Please understand that no one gets this right the first try, since
there is a lot of setup and all the host daemons must be running and
configured correctly.  If you have problems, extract the diskless(8)
manpage, find someone who's been through it before and use the host
syslog and tcpdump(8) to get visibility of what's happening (or not).

Your MACHINE expects to be able to download a second stage bootstrap
program via TFTP after having acquired its IP address through RevARP when
instructed to boot "over the net". It will look for a filename composed of
the machine's IP address followed by the machine's architecture, separated
by a period. For example, a MACHINE board which has been assigned IP
address 130.115.144.11, will make an TFTP request for `8273900B.MACHINE'.
Normally, this file is a symbolic link to an appropriate second-stage
boot program, which should be located in a place where the TFTP daemon
can find it (remember, many TFTP daemons run in a chroot'ed environment).

You can find the boot program in `/usr/mdec/netboot' in the OpenBSD/MACHINE
distribution.

After the boot program has been loaded into memory and given control by
the BUG, it starts locating the machine's remote root directory through
the BOOTPARAM protocol.
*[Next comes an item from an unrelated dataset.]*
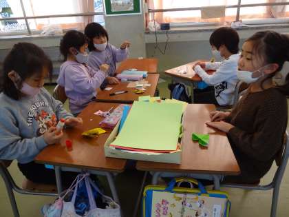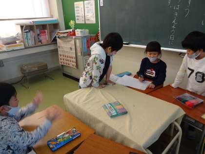 学級の各係どうしで打合せし、連携しながらお楽しみ会の準備を進めています。プログラム、飾り付け、クイズ担当を決めて準備をするなど、自主的に活動しています。

First a BOOTPARAM WHOAMI request is broadcast
on the local net. The answer to this request (if it comes in) contains
the client's name. This name is used in next step, a BOOTPARAM GETFILE
request -- sent to the server that responded to the WHOAMI request --
requesting the name and address of the machine that will serve the client's
root directory, as well as the path of the client's root on that server.
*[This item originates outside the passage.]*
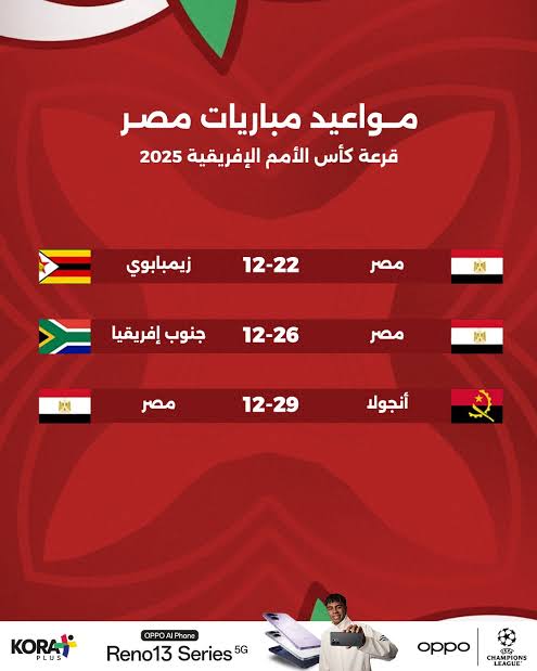 - ثم يواجه المنتخب المصري نظيره جنوب أفريقيا يوم 26 ديسمبر، في تمام الساعة 5 مساء بتوقيت القاهرة.

Finally, this information (if it comes in) is used to issue a REMOTE MOUNT
request to the client's root filesystem server, asking for an NFS file
handle corresponding to the root filesystem. If successful, the boot
program starts reading from the remote root filesystem in search of the
kernel which is then read into memory.

Unpack `base{:--:}OSrev.tgz' and `etc{:--:}OSrev.tgz' on the server in the root directory
for your target machine. If you elect to use a separately NFS-mounted
filesystem for `/usr' with your diskless setup, make sure the "./usr" base
files in base{:--:}OSrev.tgz end up in the correct location. One way to do this is
to temporarily use a loopback mount on the server, re-routing <root>/usr to
your server's exported OpenBSD "/usr" directory. Also put the kernel and
the install/upgrade scripts into the root directory.
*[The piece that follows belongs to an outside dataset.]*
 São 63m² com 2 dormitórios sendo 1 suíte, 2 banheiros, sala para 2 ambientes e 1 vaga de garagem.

A few configuration files need to be edited:

	<root>/etc/hosts
		Add the IP addresses of both server and client.

	<root>/etc/myname
		This files contains the client's hostname; use the same
		name as in <root>/etc/hosts.

	<root>/etc/fstab
		Enter the entries for the remotely mounted filesystems.
		For example:
			server:/export/root/client       /     nfs  rw 0 0
			server:/export/exec/MACHINE.OpenBSD /usr  nfs  rw 0 0

Now you must populate the the `/dev' directory for your client. If you server
runs SunOS 4.x, you can simply change your working directory to `<root>/dev'
and run the MAKEDEV script: `sh MAKEDEV all'.

On SunOS 5.x systems, MAKEDEV can also be used, but there'll be error
messages about unknown user and groups. These errors are inconsequential
for the purpose of installing OpenBSD. However, you may want to correct them
if you plan to the diskless setup regularly. In that case, you may re-run
MAKEDEV on your OpenBSD machine once it has booted.